The Harlem Renaissance built upon earlier traditions and influenced Black literature to come thereafter, as well as the broader consciousness. The Harlem Renaissance thus embodies Artistic Inspiration and Its Influence Across Generations. Many of the authors listening in on the party for Langston in the library were either part of or influenced by the Harlem Renaissance. Some, like Paul Lawrence Dunbar (“An Ante-Bellum Sermon,” “We Wear the Mask,” and “Sympathy”), set the stage for the Harlem Renaissance. Besides Du Bois, Harlem Renaissance authors listening in on the party include Countee Cullen (“Incident,” “In the Dark Tower”), Alice Dunbar Nelson (“I Sit and Sew”), Zora Neale Hurston (Their Eyes Were Watching God), Claude McKay (“The Harlem Dancer,” “If We Must Die,” “America”), and Richard Wright (Native Son).

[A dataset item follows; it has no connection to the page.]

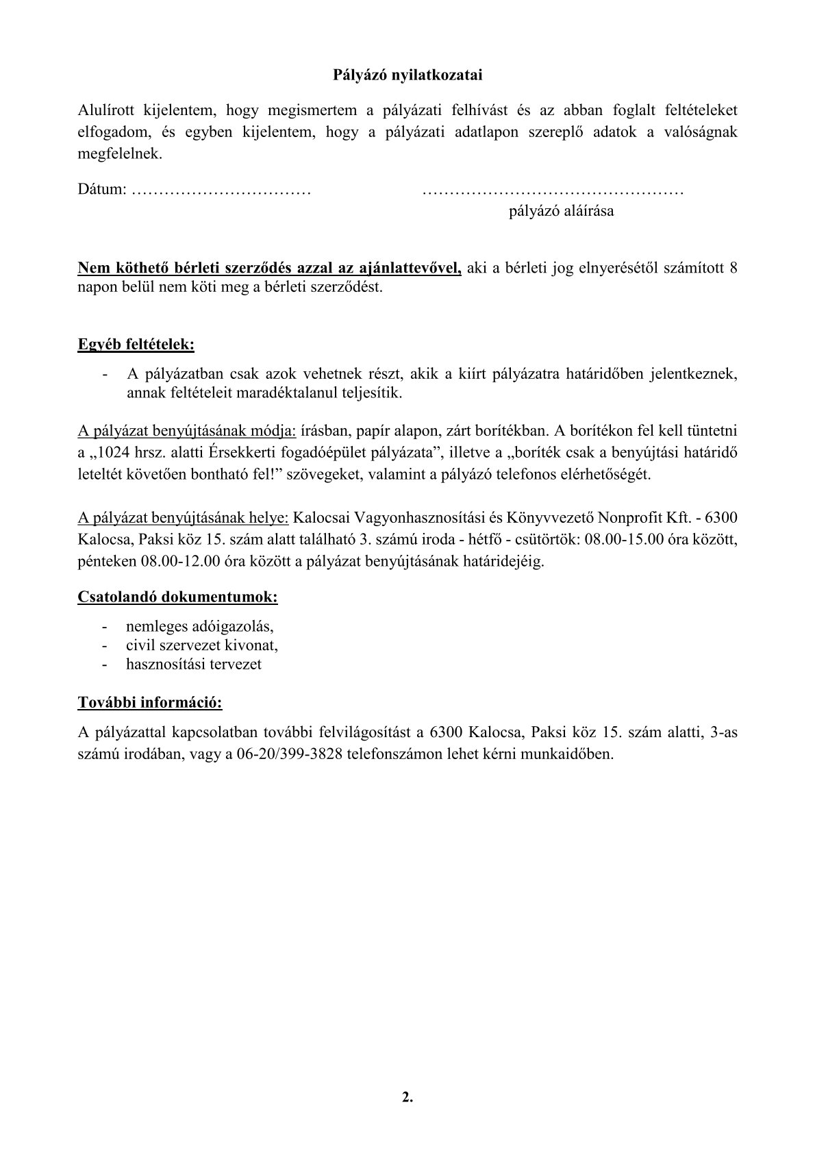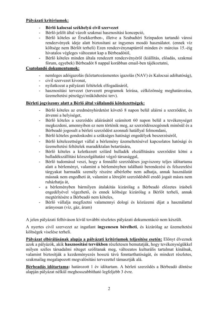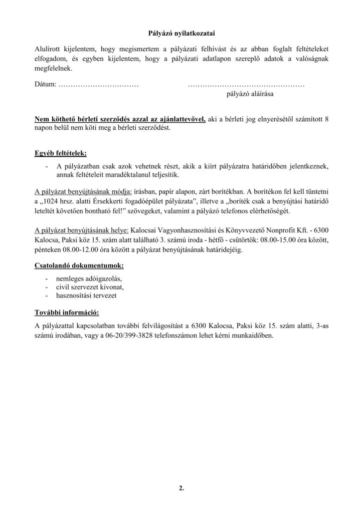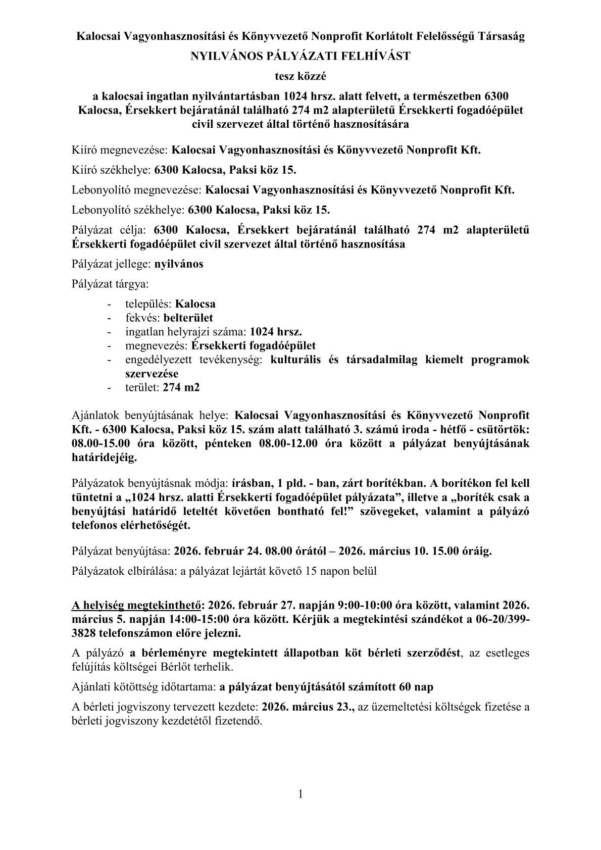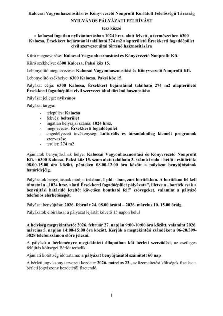 A Kalocsai Vagyonhasznosítási és Könyvezetői Nonprofit Kft nyilvános pályázati felhívást tesz közzé a kalocsai ingatlan nyilvántartásban 1024 hrsz. alatt felvett, a természetben 6300 Kalocsa, Érsekkert bejáratánál található 274 m2 alapterületű Érsekkerti fogadóépület civil szervezet által történő hasznosítására.

Additional authors inspired by the Harlem Renaissance represented in the books in There Was a Party for Langston include James Baldwin (fiction, Giovanni’s Room, If Beale Street Could Talk; nonfiction and essay collections, No Name in the Street, The Fire Next Time, and Notes of a Native Son; short stories, “Sonny’s Blues”; plays, Blues for Mister Charlie), Gwendolyn Brooks (Maud Martha, “We Real Cool”), Ashley Bryan (writer and illustrator of children’s books such as Beat the Story Drum, Pum-Pum, and Beautiful Blackbird), Octavia Butler (the Parable duology, the Patternist quartet, Kindred), Ralph Ellison (Invisible Man), Nikki Giovanni (“Rosa Parks,” “Knoxville, Tennessee,” “Mothers”), Alex Haley (Roots, The Autobiography of Malcolm X), Toni Morrison (The Bluest Eye, Song of Solomon, Beloved), and Alice Walker (The Color Purple). The breadth of authors featured in the book shows the significant impact of Hughes’s work and the Harlem Renaissance more broadly.